* _ABOUT THIS EXERCISE_: If pictures appear in the lines below, skip them and copy exactly the lines from the one containing "Para el pico" through the one containing "根据交通灯系统的控制要求,图", and nothing else.

* _RECORDS TO USE_:
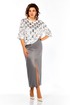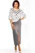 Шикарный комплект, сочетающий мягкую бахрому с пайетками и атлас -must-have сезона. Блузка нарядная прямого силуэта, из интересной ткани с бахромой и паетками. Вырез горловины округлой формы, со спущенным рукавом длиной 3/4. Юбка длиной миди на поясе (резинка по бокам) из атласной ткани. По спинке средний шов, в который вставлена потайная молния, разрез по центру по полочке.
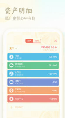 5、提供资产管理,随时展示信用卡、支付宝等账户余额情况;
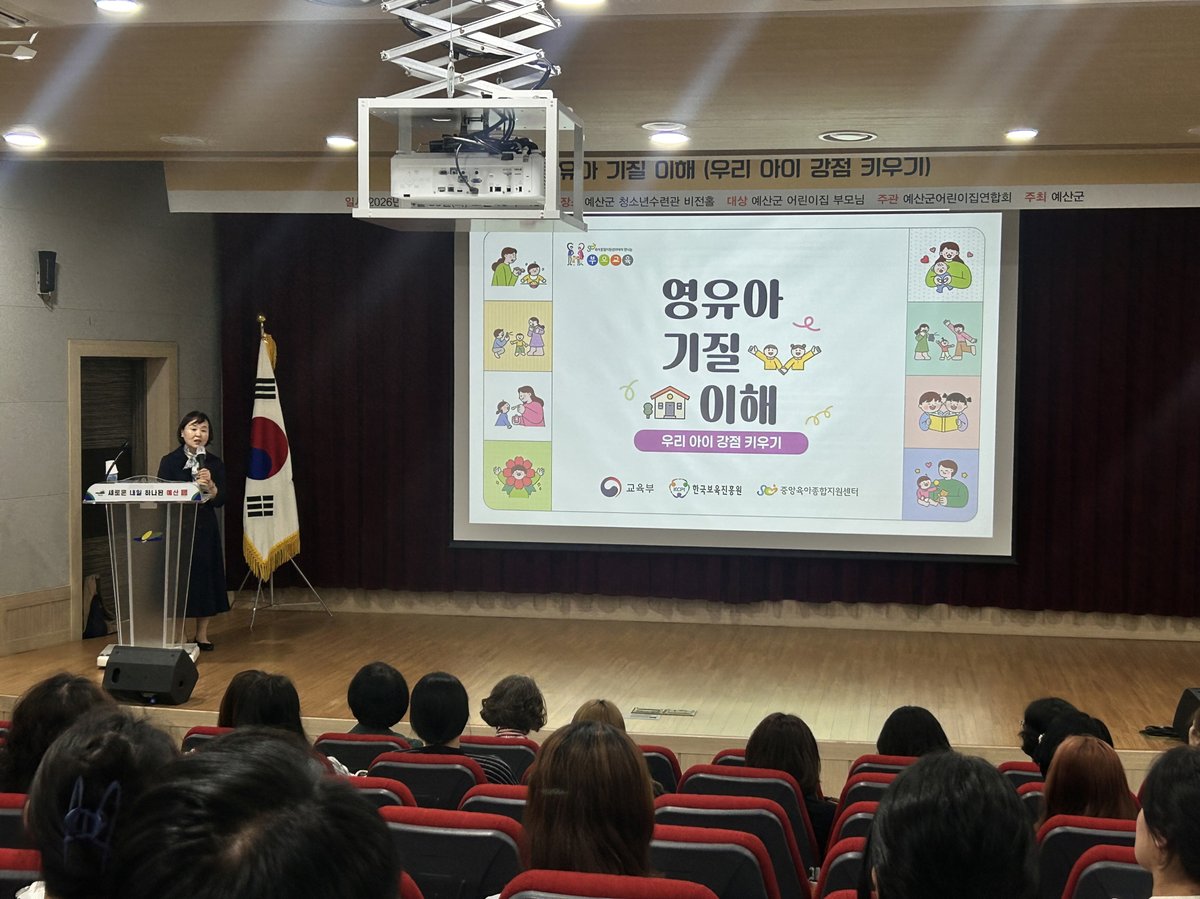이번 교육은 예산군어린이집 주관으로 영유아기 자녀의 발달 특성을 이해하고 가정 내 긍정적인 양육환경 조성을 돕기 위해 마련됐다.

* * *

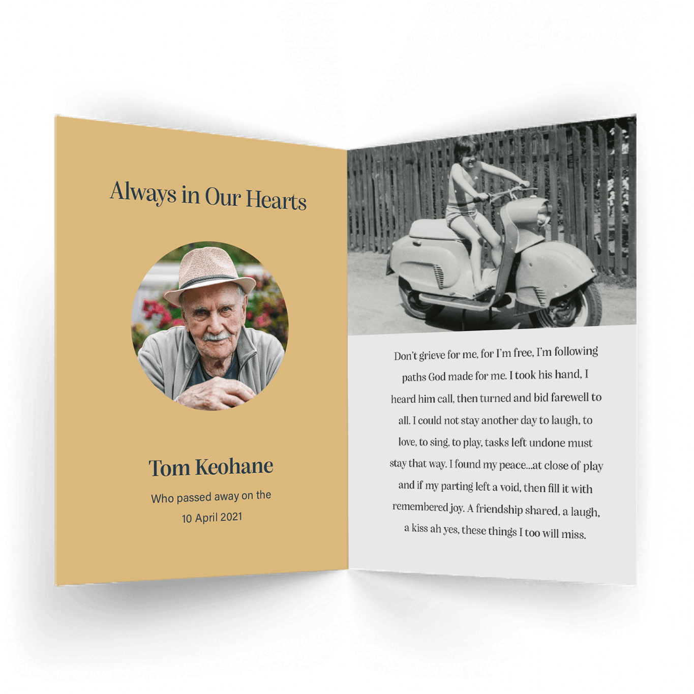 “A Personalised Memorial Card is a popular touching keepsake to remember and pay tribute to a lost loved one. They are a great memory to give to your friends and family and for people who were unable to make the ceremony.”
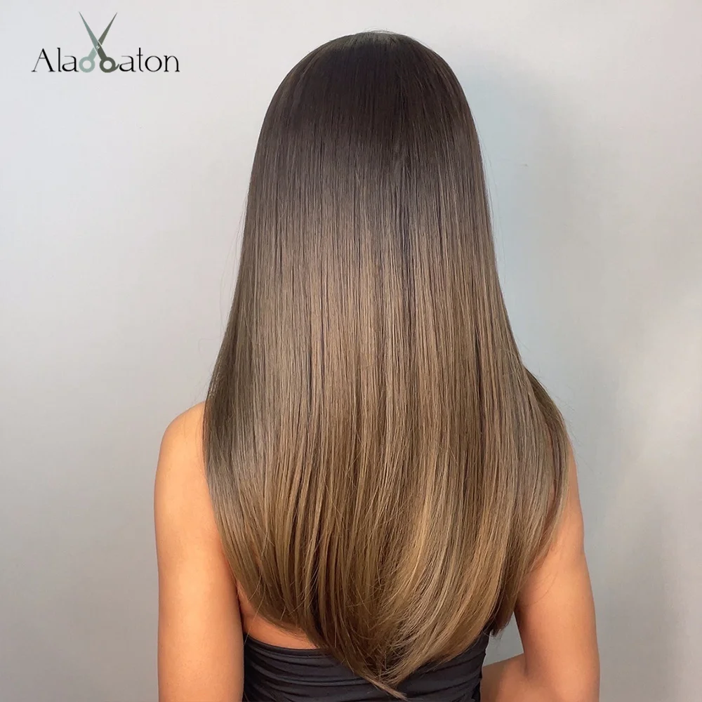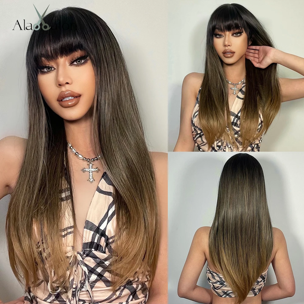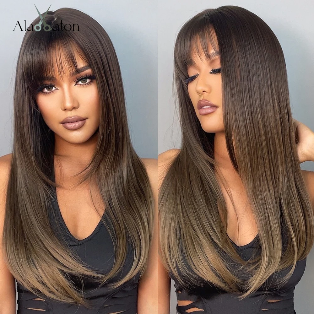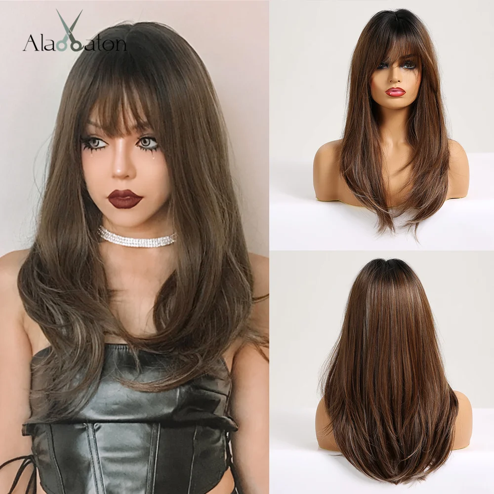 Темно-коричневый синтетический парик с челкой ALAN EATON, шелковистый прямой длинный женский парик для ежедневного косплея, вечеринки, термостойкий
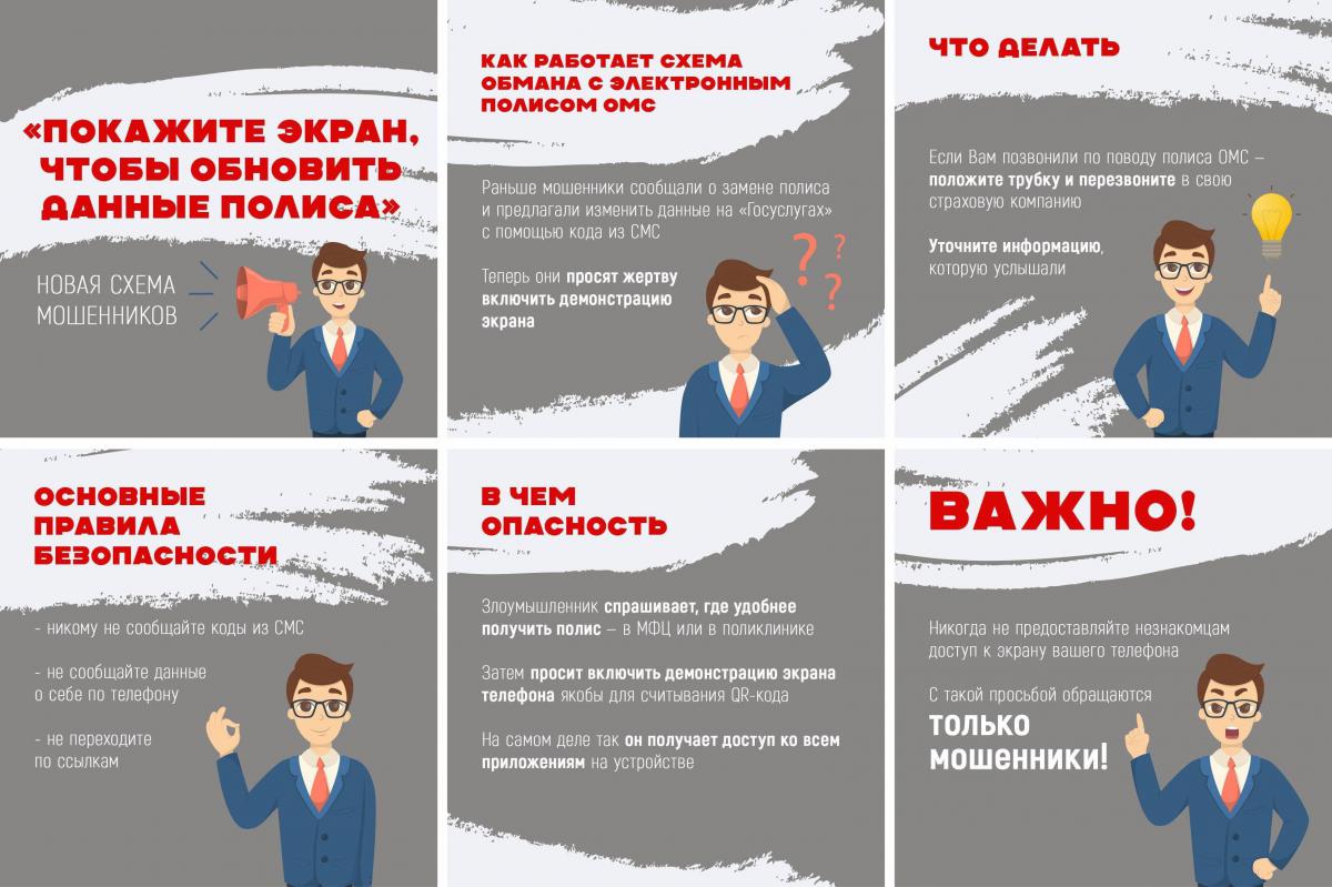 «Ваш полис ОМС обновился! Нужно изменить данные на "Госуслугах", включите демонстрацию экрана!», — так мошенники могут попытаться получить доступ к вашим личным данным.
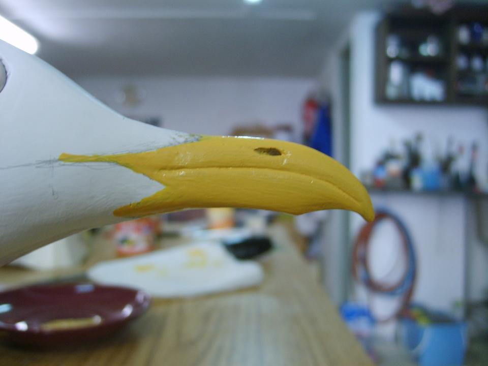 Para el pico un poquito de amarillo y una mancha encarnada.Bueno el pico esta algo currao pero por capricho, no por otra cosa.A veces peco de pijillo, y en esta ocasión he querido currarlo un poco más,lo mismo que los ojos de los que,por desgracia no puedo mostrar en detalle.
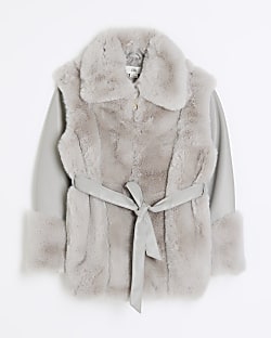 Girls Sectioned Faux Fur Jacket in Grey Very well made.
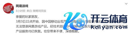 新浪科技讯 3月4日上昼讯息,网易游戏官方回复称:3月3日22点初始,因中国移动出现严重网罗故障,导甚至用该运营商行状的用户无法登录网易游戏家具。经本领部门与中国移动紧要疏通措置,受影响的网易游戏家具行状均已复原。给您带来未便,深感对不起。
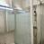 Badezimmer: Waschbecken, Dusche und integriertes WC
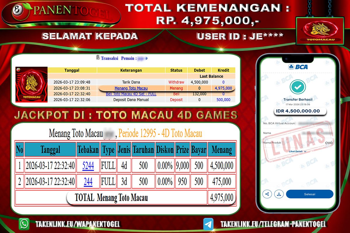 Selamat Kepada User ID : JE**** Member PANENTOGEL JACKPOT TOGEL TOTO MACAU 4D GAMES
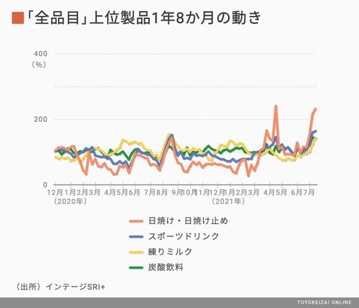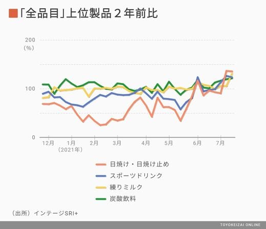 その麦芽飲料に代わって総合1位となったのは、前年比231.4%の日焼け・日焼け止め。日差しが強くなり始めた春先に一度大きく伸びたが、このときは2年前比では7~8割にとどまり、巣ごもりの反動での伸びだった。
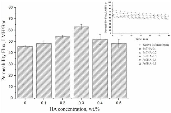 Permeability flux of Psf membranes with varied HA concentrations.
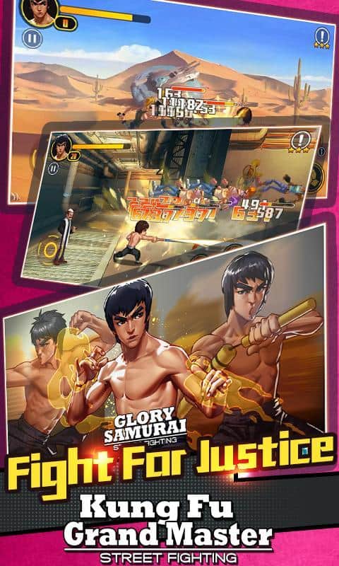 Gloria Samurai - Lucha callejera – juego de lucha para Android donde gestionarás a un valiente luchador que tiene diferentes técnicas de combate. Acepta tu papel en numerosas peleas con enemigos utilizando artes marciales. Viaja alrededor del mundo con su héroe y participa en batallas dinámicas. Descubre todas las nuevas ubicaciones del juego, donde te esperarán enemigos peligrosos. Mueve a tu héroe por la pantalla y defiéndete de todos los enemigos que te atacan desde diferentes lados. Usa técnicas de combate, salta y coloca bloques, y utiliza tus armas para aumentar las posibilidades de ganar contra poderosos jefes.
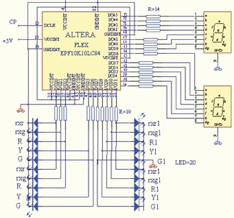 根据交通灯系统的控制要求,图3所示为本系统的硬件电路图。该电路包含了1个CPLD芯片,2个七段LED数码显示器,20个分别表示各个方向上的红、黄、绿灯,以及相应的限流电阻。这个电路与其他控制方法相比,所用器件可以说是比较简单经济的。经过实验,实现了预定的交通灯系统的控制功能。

---

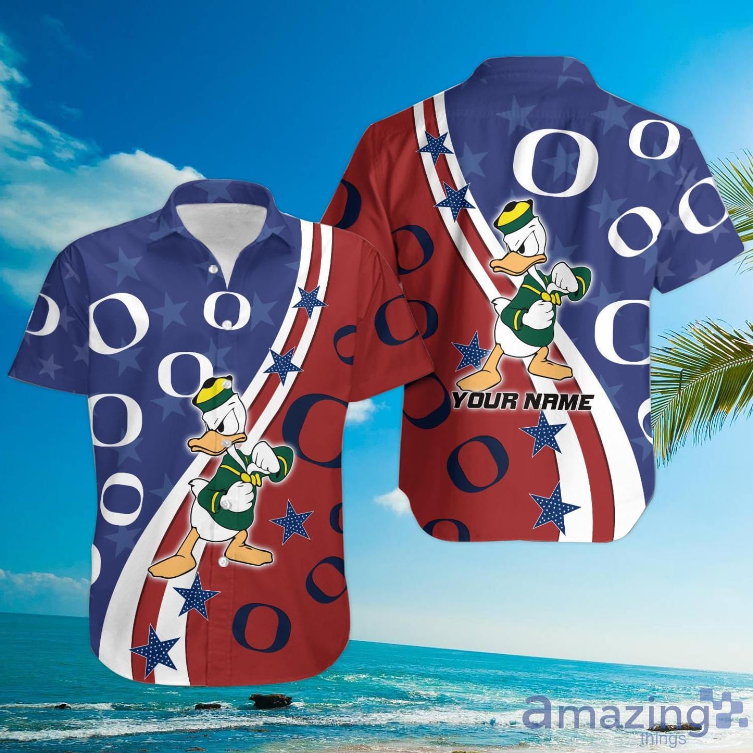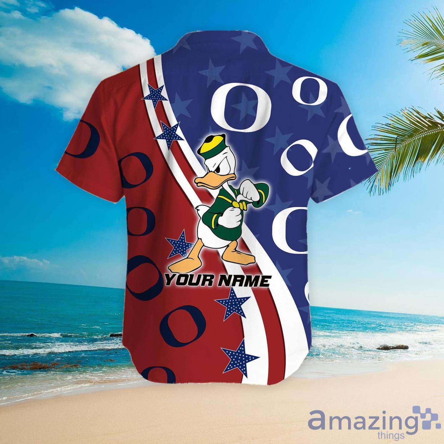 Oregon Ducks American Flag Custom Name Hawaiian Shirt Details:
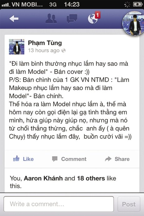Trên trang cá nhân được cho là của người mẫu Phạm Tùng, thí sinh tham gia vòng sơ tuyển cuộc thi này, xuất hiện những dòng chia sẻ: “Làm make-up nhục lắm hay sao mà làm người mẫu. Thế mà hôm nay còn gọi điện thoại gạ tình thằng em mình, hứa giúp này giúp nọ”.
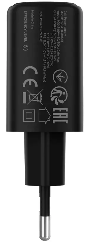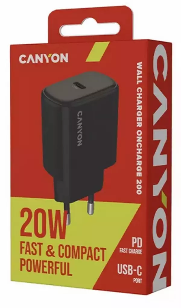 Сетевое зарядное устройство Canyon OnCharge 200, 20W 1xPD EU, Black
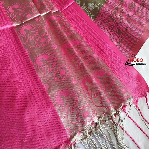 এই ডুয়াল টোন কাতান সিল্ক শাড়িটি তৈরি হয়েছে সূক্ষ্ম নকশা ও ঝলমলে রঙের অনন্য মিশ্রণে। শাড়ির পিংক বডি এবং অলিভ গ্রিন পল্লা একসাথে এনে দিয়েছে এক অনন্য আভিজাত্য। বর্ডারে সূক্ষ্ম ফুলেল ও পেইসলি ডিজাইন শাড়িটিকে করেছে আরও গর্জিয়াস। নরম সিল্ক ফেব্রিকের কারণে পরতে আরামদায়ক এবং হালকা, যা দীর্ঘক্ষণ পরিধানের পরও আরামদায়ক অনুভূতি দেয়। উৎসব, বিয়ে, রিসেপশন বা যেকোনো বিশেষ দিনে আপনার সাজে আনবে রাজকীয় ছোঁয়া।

* _PROBLEM SOLUTION_:
 Para el pico un poquito de amarillo y una mancha encarnada.Bueno el pico esta algo currao pero por capricho, no por otra cosa.A veces peco de pijillo, y en esta ocasión he querido currarlo un poco más,lo mismo que los ojos de los que,por desgracia no puedo mostrar en detalle.
 Girls Sectioned Faux Fur Jacket in Grey Very well made.
 新浪科技讯 3月4日上昼讯息,网易游戏官方回复称:3月3日22点初始,因中国移动出现严重网罗故障,导甚至用该运营商行状的用户无法登录网易游戏家具。经本领部门与中国移动紧要疏通措置,受影响的网易游戏家具行状均已复原。给您带来未便,深感对不起。
 Badezimmer: Waschbecken, Dusche und integriertes WC
 Selamat Kepada User ID : JE**** Member PANENTOGEL JACKPOT TOGEL TOTO MACAU 4D GAMES
 その麦芽飲料に代わって総合1位となったのは、前年比231.4%の日焼け・日焼け止め。日差しが強くなり始めた春先に一度大きく伸びたが、このときは2年前比では7~8割にとどまり、巣ごもりの反動での伸びだった。
 Permeability flux of Psf membranes with varied HA concentrations.
 Gloria Samurai - Lucha callejera – juego de lucha para Android donde gestionarás a un valiente luchador que tiene diferentes técnicas de combate. Acepta tu papel en numerosas peleas con enemigos utilizando artes marciales. Viaja alrededor del mundo con su héroe y participa en batallas dinámicas. Descubre todas las nuevas ubicaciones del juego, donde te esperarán enemigos peligrosos. Mueve a tu héroe por la pantalla y defiéndete de todos los enemigos que te atacan desde diferentes lados. Usa técnicas de combate, salta y coloca bloques, y utiliza tus armas para aumentar las posibilidades de ganar contra poderosos jefes.
 根据交通灯系统的控制要求,图3所示为本系统的硬件电路图。该电路包含了1个CPLD芯片,2个七段LED数码显示器,20个分别表示各个方向上的红、黄、绿灯,以及相应的限流电阻。这个电路与其他控制方法相比,所用器件可以说是比较简单经济的。经过实验,实现了预定的交通灯系统的控制功能。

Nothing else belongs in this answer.